WTC 7 was seriously damaged during the attack. Officials on site knew that most likely it would collapse. Remember a few things:

a) The BBC reporter is not "on location". She is miles away, with her back to downtown.

b) Her producers are probably being fed info through the chaotic channels.

c) Your average news reporter probably couldn't pick out WTC 7 from a lineup before 9/11

So info comes out that it looks like WTC 7 is about to collapse. Play broken telephone, and soon you have the BBC reporting it HAS collapsed.

What is more plausible? Massive government conspiracy, or broken telephone in the hours after the attacks?


----------



## Beej (Sep 10, 2005)

guytoronto said:


> What is more plausible?


Plausible is not relevant. It's not interesting enough.


----------



## Macfury (Feb 3, 2006)

Guy: What is amazing about these so-called conspiracies is that we not only have stupid government officials--thousands of them--all maintaining quiet about the conspiracy.
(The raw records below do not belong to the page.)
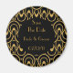 Elegante imán negro Save The Date redondo con un elegante diseño Art Déco en negro y oro. El texto y el tipo de letra son personalizables al hacer clic en el botón "Personalizar" - muchos tipos de letra entre los que elegir. Si necesitas ayuda para personalizar tu producto, ponte en contacto conmigo a través de mi tienda y estaré más que contento de ayudar. Tengo invitaciones y sobres a juego en mi tienda.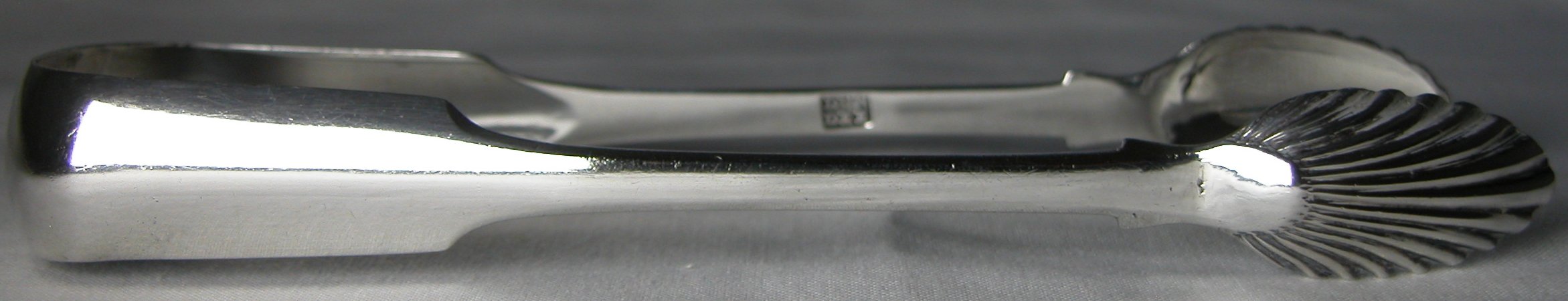 This pair of tongs is very typically Scottish, being fiddle pattern with concave shoulders and bow and having shell bowls. They were made by Robert Dickson II, who is recorded as working between 1796 and 1840. They are probably dated some time between 1810 and 1830.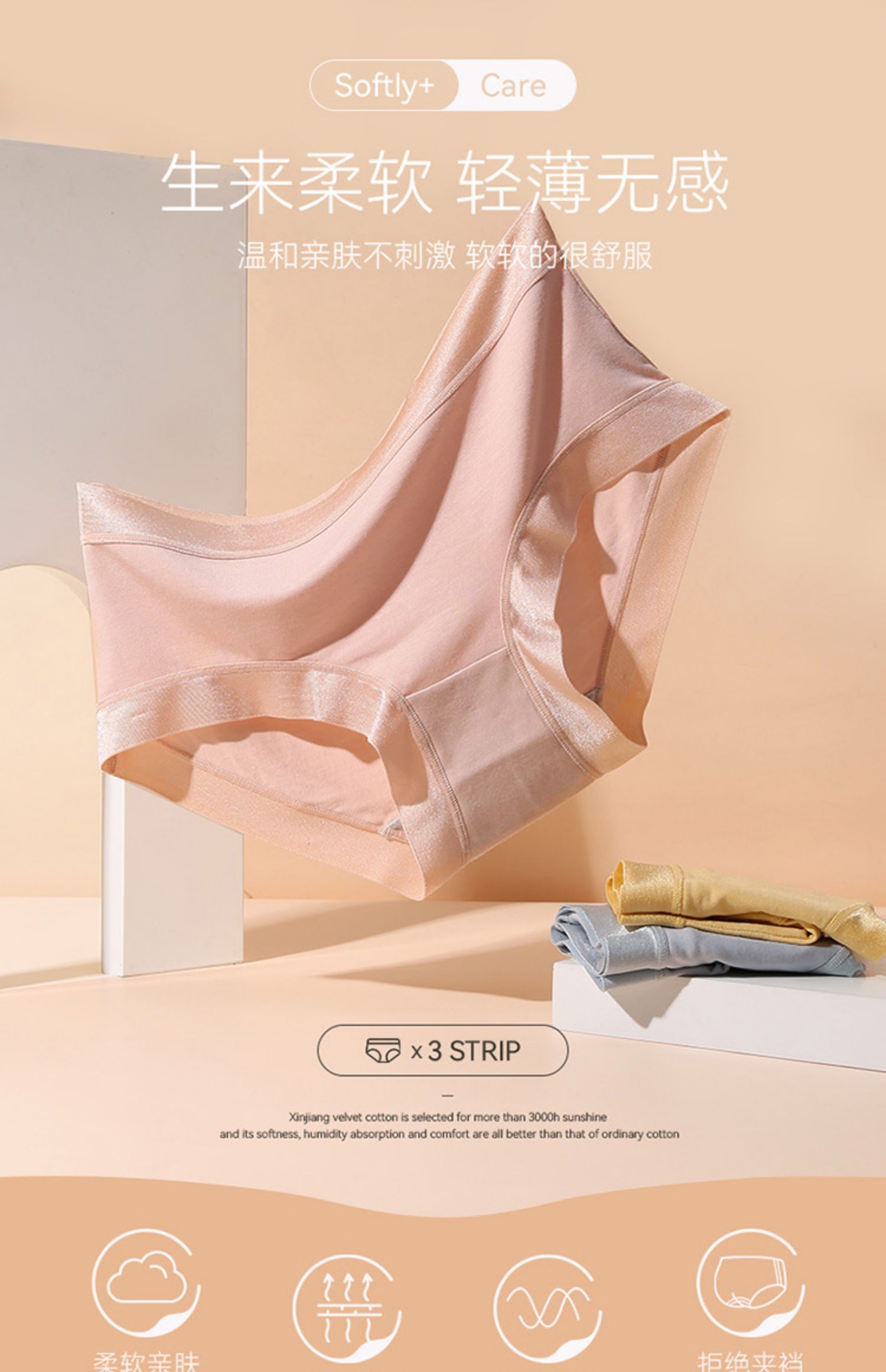 【线下要99元3条呢!】芬腾内裤女春夏秋纯色中腰提臀三角裤,女士纯棉裆莫代尔短裤头裤衩【芬腾官方】【商场同款】【正品直营】

Now it comes to light that they also decided to let the BBC in on their secret--and the Beeb screwed up!! Only the cleverest people among us can realize this. If you don't agree, you're merely a fool, a useful idiot, a puppet...or a conspiracy DENIER!

Has enyone called you a "Bush-Toady" today? Because they should.


----------



## joltguy (Apr 15, 2005)

guytoronto said:


> So info comes out that it looks like WTC 7 is about to collapse. Play broken telephone, and soon you have the BBC reporting it HAS collapsed.
> 
> What is more plausible? Massive government conspiracy, or broken telephone in the hours after the attacks?


Broken telephone is definitely a possibility. I wonder if the BBC ever issued a correction for this report. Given the commotion it seems to have caused, some sort of statement would be appropriate.


----------



## Macfury (Feb 3, 2006)

Joltguy: a statement would only convince people that the BBC found the presentation important enough to go into "official denial" mode.


----------



## Snapple Quaffer (Sep 2, 2003)

Hey. The lines are open. Why doesn't someone with their knickers in a state over this give the Beeb a bell?


----------



## Macfury (Feb 3, 2006)

Snapple Quaffer said:


> Hey. The lines are open. Why doesn't someone with their knickers in a state over this give the Beeb a bell?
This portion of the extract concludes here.